Я застыл, помню, маме глазами делаю, мол, замолчи и пошли отсюда. А кассирша от удовольствия расплылась, спасибо сказала. Вот кому какое дело, какие у человека ногти? Мне вот кажется, что лучше не замечать, что и как у человека. Вдруг он наоборот — этого стесняется. А ты ему — ах, я заметил ваши ногти. А ногти, может, у него давно в печёнках сидят, снятся ему в ночных кошмарах. Он, может, их сменить хочет уже сто лет, но просто времени нет или денег. А ты такой — ах нет, я все вижу, все ваши ногти, как на ладони.  

Я маме говорю — вот чего ты к ней с этими ногтями прицепилась? Это же неприлично так говорить. А она улыбается и говорит — она просто какая-то грустная была. А стала радостная.  

Вот маме надо весь мир переделать. Чтобы все вокруг радостные были. Неужели непонятно, что так не бывает? Все равно будет кто-то грустный. Потому что ведь мама же не может оказаться сразу во всех местах. А грустные — они во всех местах сразу. Потому что у нас мир такой. Даже я это уже понял.  

Кстати, я заметил, что грустных гораздо больше становится перед праздником. Они как будто специально к празднику свою грусть наращивают, чтобы нормальным людям жизнь портить. Ну не то, чтобы портить, а просто чтобы все вокруг не особо-то радовались. Типа — радуйтесь, но в меру. Помните, что грустные тоже в этот момент в мире имеются. И вроде как надо на это обратить внимание. И поскромнее быть. Нет, мне жалко, что не у всех, может, счастья полные штаны, но что же мне теперь — не смеяться что ли? 

Мне вот кажется, что если я хохочу и в этот момент забываю, что где-то есть тот, кто не хохочет — то это нормально. Может, я своим хохотом в этот момент кому-то жизнь улучшаю. Об этом тоже ведь стоит не забывать. Может, я своим хохотом перекрываю тот вред, который испытывает тот, кто грустит. И миру от моего хохота становится лучше. Вроде как я уравновешиваю своим хохотом грусть. Ну ты понял, что я имею в виду.  

Иногда мне даже хочется таким сказать — а вы не пробовали сами-то посмеяться? Или кто-то специально смешить вас должен? Какие-то клоуны? Специальных клоунов для смешения в жизни не бывает. Надо самому искать то, чему порадоваться. Не всегда же придет на помощь моя мама, чтобы похвалить ваши ногти. Мне иногда тоже плохо бывает, прямо хоть ори. Особенно раньше было, сейчас уже привык. Выкручиваюсь как-то, нахожу способы. Да и парни наши не дадут закиснуть, это надо прямо сказать.  

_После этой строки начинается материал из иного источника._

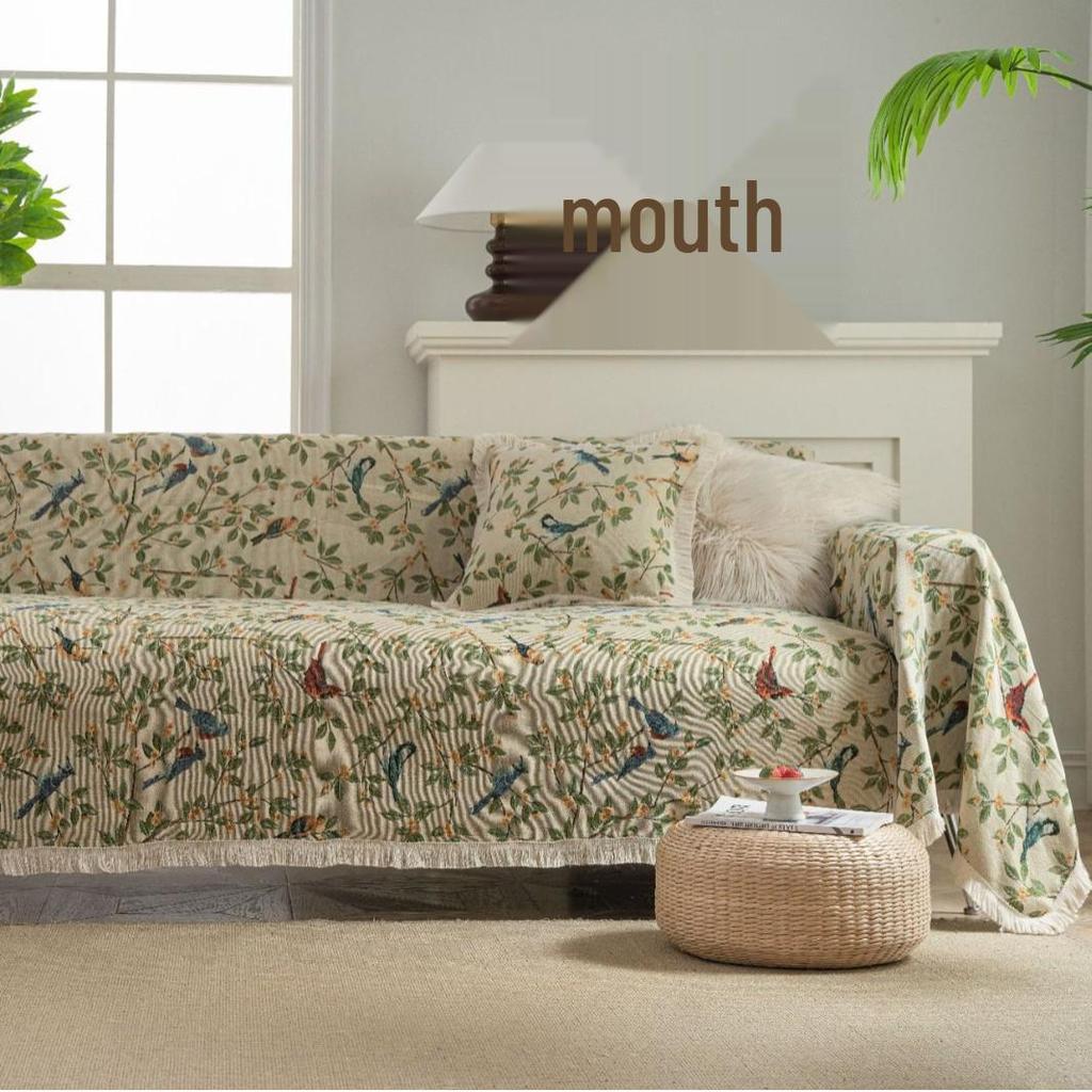 Pokrowiec żakardowy na sofę odporny na drapanie przez kota - Zielony, wzór retro kwiatowy i ptaki, świąteczny i gruby koc

Взять Рождество — это вообще апогей всему по части грустных. Они как будто специально ждут и потом изо всех щелей вылезают — ну наконец-то, приплыли, Рождество. Можно показать себя во всей красе. Мне до чего это слово нравится — «апогей». Я даже в словарь лазил. Там правда, немного в другом значении. У нас когда на занятиях по мировой культуре Тарья произнесла в первый раз это слово, то всё — мы легли. Оно сразу стало нашим любимым. Наступил, можно сказать, апогей уроку. Потому что нельзя такие слова нам с парнями говорить. Нам сразу смешно делается. Надо ж учитывать, что мы подростки. Как-то фильтровать все же слова.  

Насчет Рождества — это отдельная песня. На Рождество у меня каждый раз новая бабушка. Или новый дедушка. Как тебе такое? Это все мамин «привет». Вот я тебе расскажу — ты упадешь. Ни один нормальный человек этого не поймет. Потому что здесь мамин «привет» работает на полную мощность. Тумблер на «are you nut», короче. Что есть силы. Ладно, мы уже привыкли.  

Мама говорит, это потому что у нее в детстве бабушки не было. Не знаю, я не специалист по психологии. Почему и отчего — это к ним вопросы. У меня-то с бабушкой все в порядке. Которая настоящая. Мамину ситуацию я знаю только с ее слов. А как на самом деле — поди разбери.  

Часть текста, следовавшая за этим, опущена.